### Task instructions
Transcribe the records below in their entirety, and leave out each image.

### Provided material
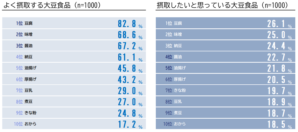 - よく摂取する大豆食品は「豆腐」82.8%、「味噌」68.6%、「醤油」67.2%に。
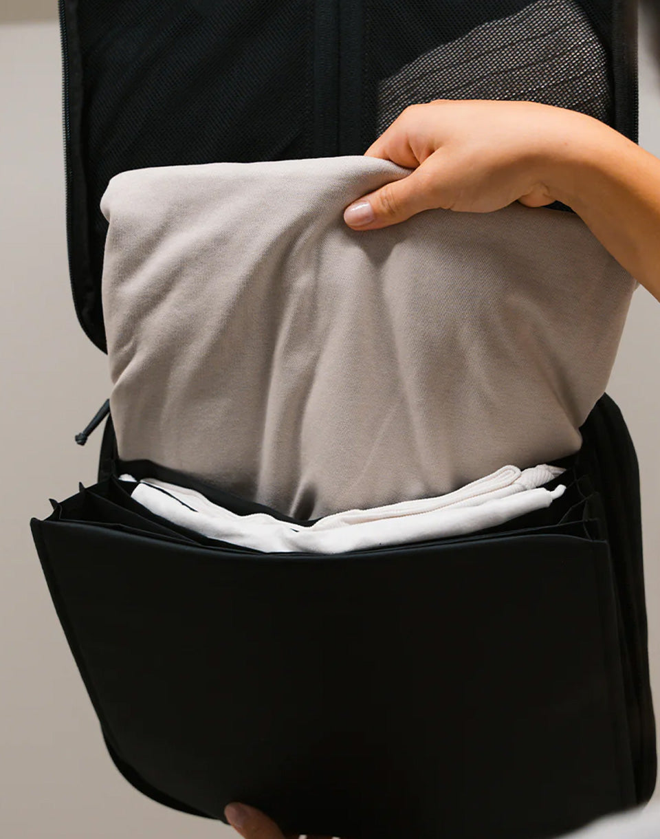 - Volume compressible avec fermeture éclair sur tout le périmètre
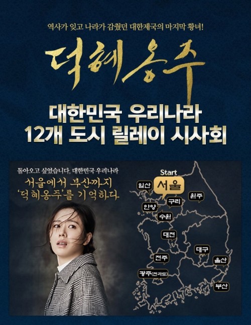 '덕혜옹주'는 오는 27일부터 '대한민국 우리나라 12개 도시 릴레이 시사회'라는 타이틀 하에 서울, 대전, 광주, 대구, 울산, 부산, 일산, 안양, 수원, 구리, 원주, 전주 지역에서 진행될 예정이다.
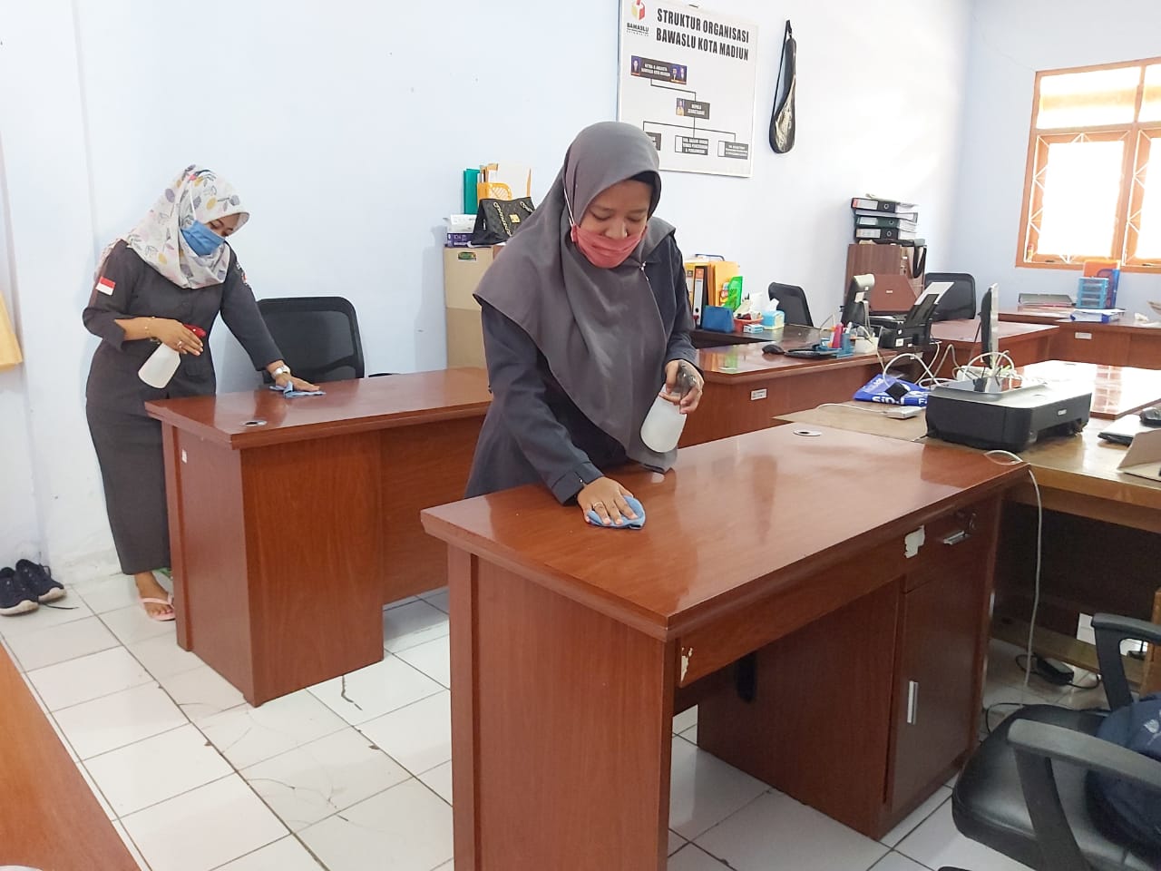 Mohda Alfian selaku Koordiv OSDM memimpin langsung kegiatan penyemprotan tersebut dibantu seluruh staf sekretariat Bawaslu Kota Madiun. Diawali dengan apel rutin setiap hari senin dilanjutkan dengan penyemprotan mulai dari halaman depan hingga seluruh ruangan kantor secara detail tidak luput dari penyemprotan.
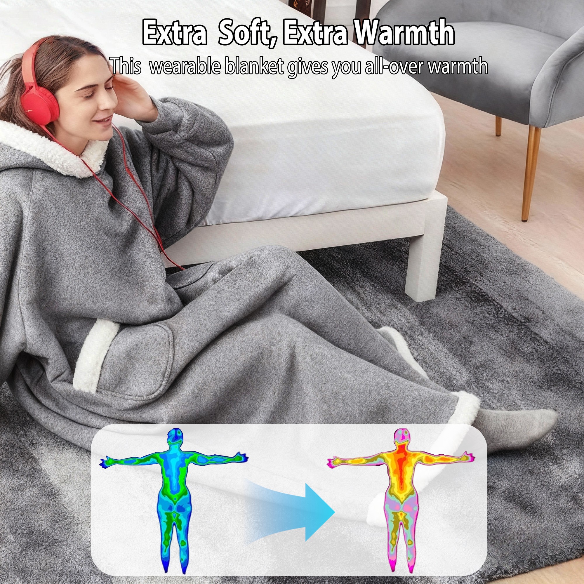 Blanket Sweatshirt Sherpa Lining Plush Comfy Fleece Oversized Hoodie with Pocket
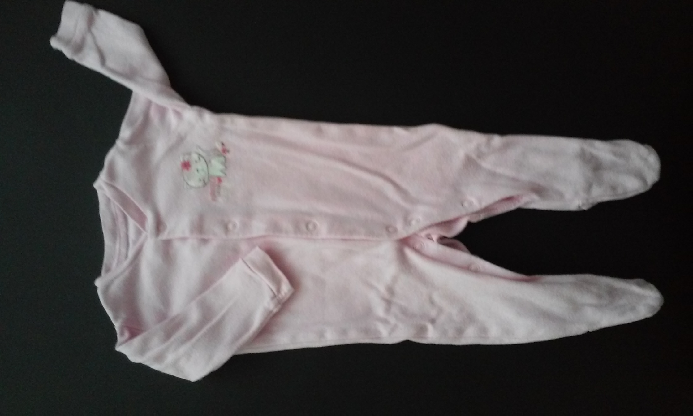Velmi zachovalý (lehká žmolka od praní) overal s dlouhým rukávem a obrázkem kočičky. Vhodný pro děti ve věku do 1 měsíce.
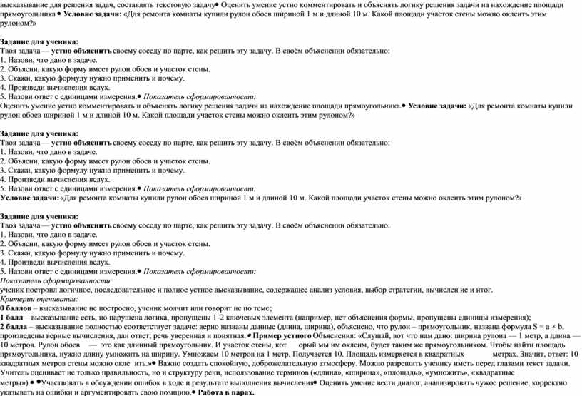 Показатель сформированности: ученик построил логичное, последовательное и полное устное высказывание, содержащее анализ условия, выбор стратегии, вычисление и итог. Критерии оценивания: 0
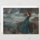 Dieses Design zeigt ein Gemälde des englischen Pre-Raphaelite Künstlers John William Waterhouse (1849-1917). Es zeigt Miranda, eine Figur aus William Shakespeares Tempest. Sie trägt ein elegantes blaues Kleid und hat langes rotes Haar. Miranda ist an einem felsigen Strand stehend und blickt auf das Meer. Die Wellen kommen herein, und das Wasser ist mit einem Schiffswrack übersät. Das Originalwerk wurde 1916 gemalt.
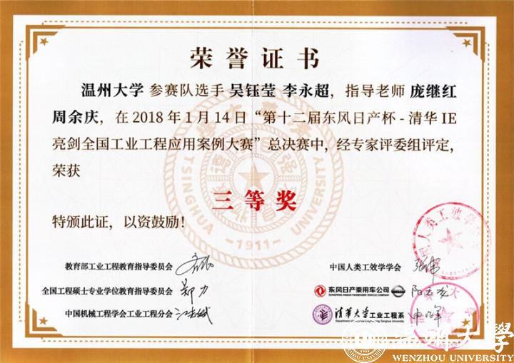 这种人才培养模式在实践中不断得到检验:2016年,亚洲无码 工业工程专业参与完成的教学成果获浙江省高等教育教学成果一等奖;近三年获得省和国家的教改项目奖项三项。
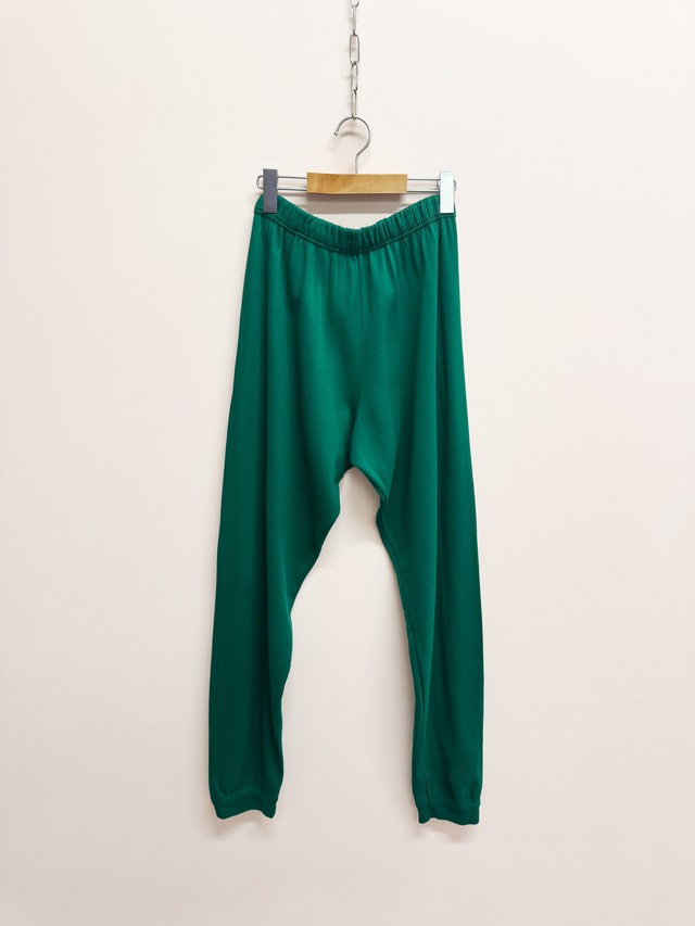 size : L ウエスト 48〜73cm 総丈 95.5cm 股上 33cm 股下 62.5cm ※平置き採寸 material : cotton 50% / polyester 50% made in USA condition USEDの為使用感有り 透け感 : 無し 伸縮性 : 有り . サイズ表記はLですが 実際はコンパクトなサイズ感が本当に良い1本です。 色合い・コンディション・タグの背景まで含めて とても嬉しいバランスだと思います。 ミントグリーンの色合いは コーデの中に入れるだけで空気が少し変わる色。 差し色としても なじませ色としても使えるのが良いところです。 丈感も扱いやすく身長問わず取り入れやすい印象で コンパクトですらっと見えるラインなので 着用したときに生地がもたつきにくく 足元のバランスがとてもきれいにまとまります。 パンツとしてしっかり主役にしても良いですし スカートやワンピースの下に重ねて 裾を少しだけ見せるような着方も とても可愛いと思います。 重ねたときの見える分量がちょうどよく 主張しすぎないのにちゃんと効いてくれるタイプです。 生産は Made in USA。 古着としてこの条件が揃っていること自体が珍しく 気になる方にとっては 大きなポイントになるかと思います。 コンディションについては 古着特有の毛羽立ちは全体に見られますが 目立つ汚れや大きなダメージは見受けられず 比較的きれいな状態です。 すごくすごく頼れて いつもの服にプラスするだけで 可愛さが深まるアイテム。 少しでもビビッと来てくださった方には ぜひ前向きにご検討いただけたら嬉しいです。 ご購入前に必ずご利用規約をお読みください。 https://monne.theshop.jp/p/00001 .
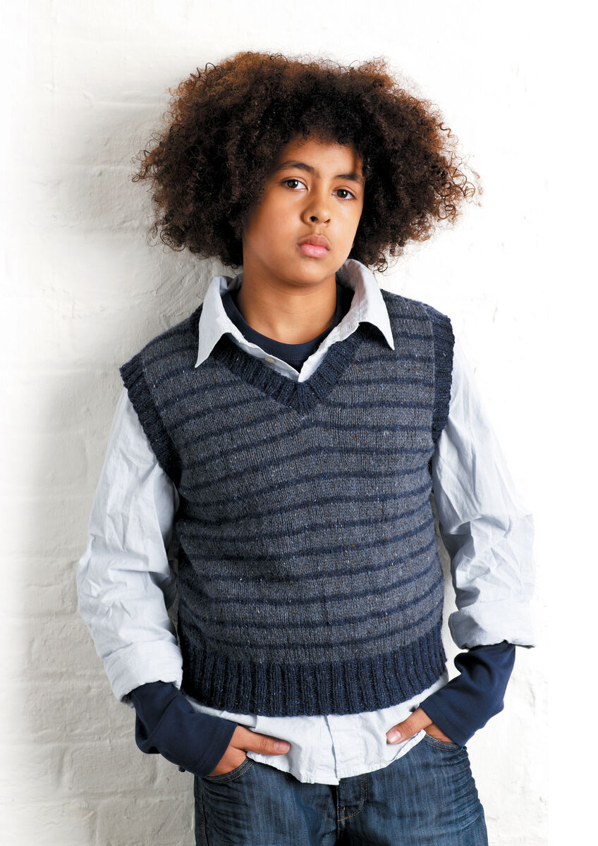 This cool tank top for boys was designed by Sarah Hatton using Felted Tweed, a lovely blend of 50% merino wool, 25% aplaca and 25% viscose with a rustic effect. Featuring stylish horizontal stripes, this is a perfect option for a smart-casual look.
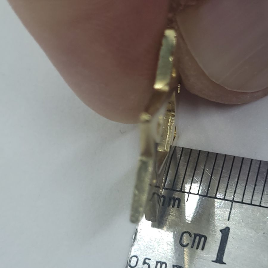 Dimension 1.6 cm X 1.9 cm X 0.2 cm approximately.
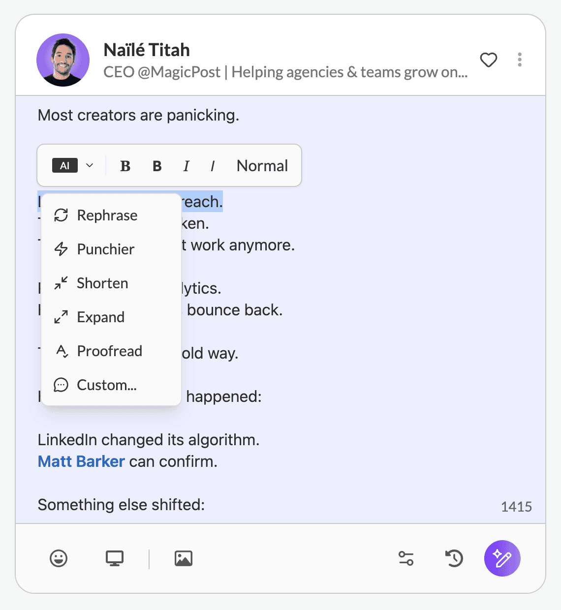 Une fois votre publication générée, vous pouvez facilement y revenir et apporter des ajustements de dernière minute. Ou, en utilisant les outils d’IA, réduire la longueur, modifier l’accroche, voire réécrire toute la publication.
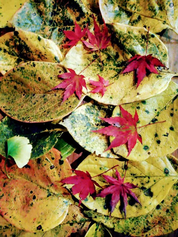 今朝の葉っぱが気に入りまして少し集めてきました。イチョウを一枚とモミジ少々トッピング😅
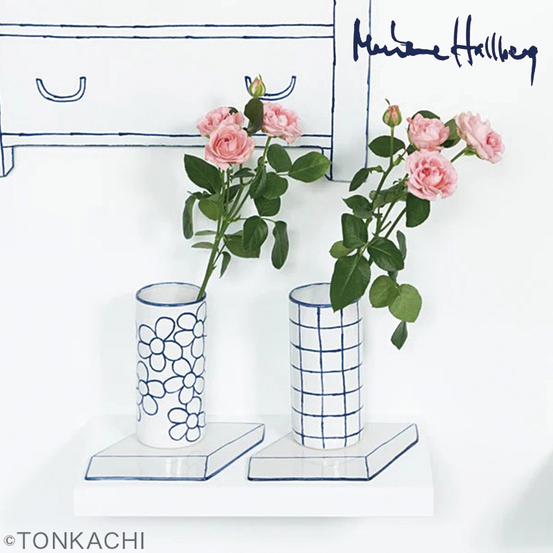Marianne Hallberg マリアンヌハルバーグ 台にのったようなかびん チェック 花柄 FP4 FP5
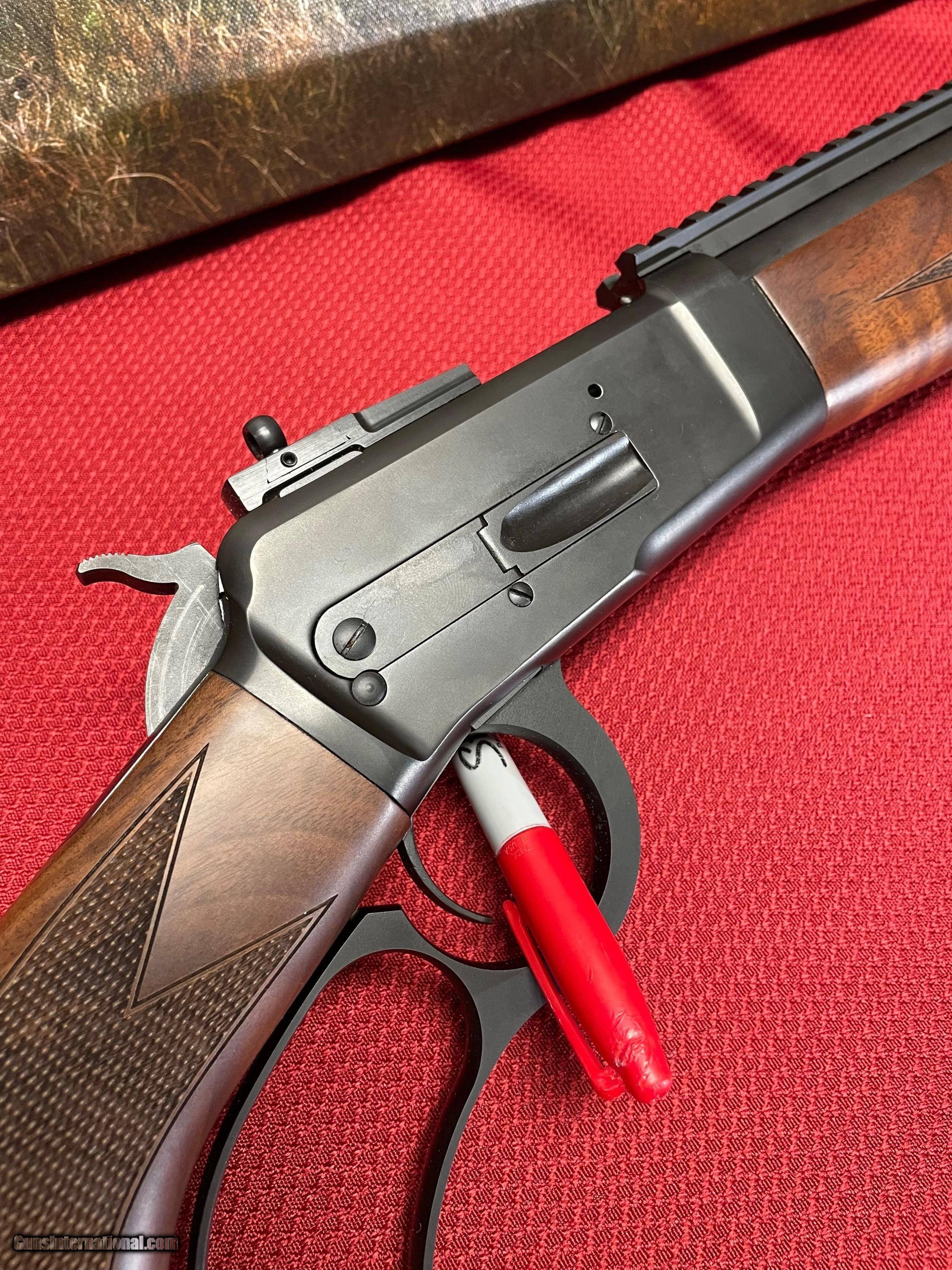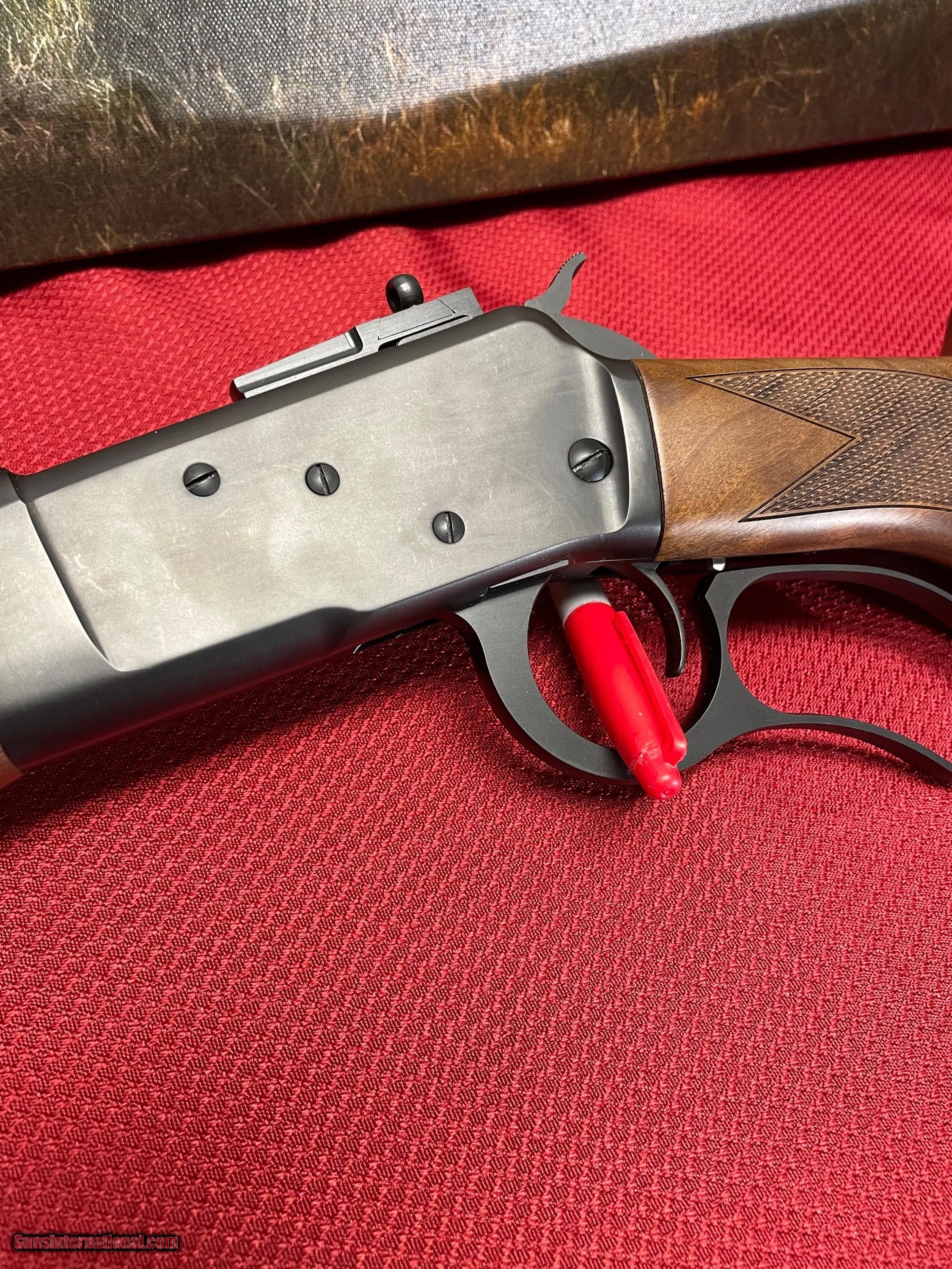 Description: You probably will not see this one in deer camp this year! Up for sale is a new Big Horn Armory Model 89 "Spike Driver", chambered in 500 S&W Magnum. I purchased this rifle new in 2020 after a year wait, but time and circumstances have gotten in the way so it remains unfired. The model has an 18" blue barrel, optional factory scope mount, factory installed Skinner Peep Sight. It includes factory paperwork and factory hard plastic case. The condition, in my opinion, is excellent but take a look at the pictures and judge for yourself. Feel free to call or text (580) 320-3521 for more pictures, information or offers. This rifle can be picked up in Ada or Durant, buyer must be state resident and willing to sign BOS. Shipping/insurance is available at buyers expense to your FFL of choice, please be sure they will accept shipments from a non-FFL. Factory ammo for this rifle also available by separate sale. I will be slowly listing more and more rifles, hunting handguns, scope and ammo. SOLD Handgun Caliber: .500 S&W Magnum Manufacturer: Big Horn Armory Model: 89 Spike Driver Condition: Excellent Metal Condition: Excellent Wood Condition: Excellent Bore Condition: Excellent Barrel Type: Blued Action: Lever Action Stock: Walnut, Straight, CheckeredGrip Finish: Blued & Wood Sights: Skinner Peep-Factory Item Location: Ada, Durant Oklahoma |

### Answer to this task
 - よく摂取する大豆食品は「豆腐」82.8%、「味噌」68.6%、「醤油」67.2%に。
 - Volume compressible avec fermeture éclair sur tout le périmètre
 '덕혜옹주'는 오는 27일부터 '대한민국 우리나라 12개 도시 릴레이 시사회'라는 타이틀 하에 서울, 대전, 광주, 대구, 울산, 부산, 일산, 안양, 수원, 구리, 원주, 전주 지역에서 진행될 예정이다.
 Mohda Alfian selaku Koordiv OSDM memimpin langsung kegiatan penyemprotan tersebut dibantu seluruh staf sekretariat Bawaslu Kota Madiun. Diawali dengan apel rutin setiap hari senin dilanjutkan dengan penyemprotan mulai dari halaman depan hingga seluruh ruangan kantor secara detail tidak luput dari penyemprotan.
 Blanket Sweatshirt Sherpa Lining Plush Comfy Fleece Oversized Hoodie with Pocket
Velmi zachovalý (lehká žmolka od praní) overal s dlouhým rukávem a obrázkem kočičky. Vhodný pro děti ve věku do 1 měsíce.
 Показатель сформированности: ученик построил логичное, последовательное и полное устное высказывание, содержащее анализ условия, выбор стратегии, вычисление и итог. Критерии оценивания: 0
 Dieses Design zeigt ein Gemälde des englischen Pre-Raphaelite Künstlers John William Waterhouse (1849-1917). Es zeigt Miranda, eine Figur aus William Shakespeares Tempest. Sie trägt ein elegantes blaues Kleid und hat langes rotes Haar. Miranda ist an einem felsigen Strand stehend und blickt auf das Meer. Die Wellen kommen herein, und das Wasser ist mit einem Schiffswrack übersät. Das Originalwerk wurde 1916 gemalt.
 这种人才培养模式在实践中不断得到检验:2016年,亚洲无码 工业工程专业参与完成的教学成果获浙江省高等教育教学成果一等奖;近三年获得省和国家的教改项目奖项三项。
 size : L ウエスト 48〜73cm 総丈 95.5cm 股上 33cm 股下 62.5cm ※平置き採寸 material : cotton 50% / polyester 50% made in USA condition USEDの為使用感有り 透け感 : 無し 伸縮性 : 有り . サイズ表記はLですが 実際はコンパクトなサイズ感が本当に良い1本です。 色合い・コンディション・タグの背景まで含めて とても嬉しいバランスだと思います。 ミントグリーンの色合いは コーデの中に入れるだけで空気が少し変わる色。 差し色としても なじませ色としても使えるのが良いところです。 丈感も扱いやすく身長問わず取り入れやすい印象で コンパクトですらっと見えるラインなので 着用したときに生地がもたつきにくく 足元のバランスがとてもきれいにまとまります。 パンツとしてしっかり主役にしても良いですし スカートやワンピースの下に重ねて 裾を少しだけ見せるような着方も とても可愛いと思います。 重ねたときの見える分量がちょうどよく 主張しすぎないのにちゃんと効いてくれるタイプです。 生産は Made in USA。 古着としてこの条件が揃っていること自体が珍しく 気になる方にとっては 大きなポイントになるかと思います。 コンディションについては 古着特有の毛羽立ちは全体に見られますが 目立つ汚れや大きなダメージは見受けられず 比較的きれいな状態です。 すごくすごく頼れて いつもの服にプラスするだけで 可愛さが深まるアイテム。 少しでもビビッと来てくださった方には ぜひ前向きにご検討いただけたら嬉しいです。 ご購入前に必ずご利用規約をお読みください。 https://monne.theshop.jp/p/00001 .
 This cool tank top for boys was designed by Sarah Hatton using Felted Tweed, a lovely blend of 50% merino wool, 25% aplaca and 25% viscose with a rustic effect. Featuring stylish horizontal stripes, this is a perfect option for a smart-casual look.
 Dimension 1.6 cm X 1.9 cm X 0.2 cm approximately.
 Une fois votre publication générée, vous pouvez facilement y revenir et apporter des ajustements de dernière minute. Ou, en utilisant les outils d’IA, réduire la longueur, modifier l’accroche, voire réécrire toute la publication.
 今朝の葉っぱが気に入りまして少し集めてきました。イチョウを一枚とモミジ少々トッピング😅
Marianne Hallberg マリアンヌハルバーグ 台にのったようなかびん チェック 花柄 FP4 FP5
 Description: You probably will not see this one in deer camp this year! Up for sale is a new Big Horn Armory Model 89 "Spike Driver", chambered in 500 S&W Magnum. I purchased this rifle new in 2020 after a year wait, but time and circumstances have gotten in the way so it remains unfired. The model has an 18" blue barrel, optional factory scope mount, factory installed Skinner Peep Sight. It includes factory paperwork and factory hard plastic case. The condition, in my opinion, is excellent but take a look at the pictures and judge for yourself. Feel free to call or text (580) 320-3521 for more pictures, information or offers. This rifle can be picked up in Ada or Durant, buyer must be state resident and willing to sign BOS. Shipping/insurance is available at buyers expense to your FFL of choice, please be sure they will accept shipments from a non-FFL. Factory ammo for this rifle also available by separate sale. I will be slowly listing more and more rifles, hunting handguns, scope and ammo. SOLD Handgun Caliber: .500 S&W Magnum Manufacturer: Big Horn Armory Model: 89 Spike Driver Condition: Excellent Metal Condition: Excellent Wood Condition: Excellent Bore Condition: Excellent Barrel Type: Blued Action: Lever Action Stock: Walnut, Straight, CheckeredGrip Finish: Blued & Wood Sights: Skinner Peep-Factory Item Location: Ada, Durant Oklahoma |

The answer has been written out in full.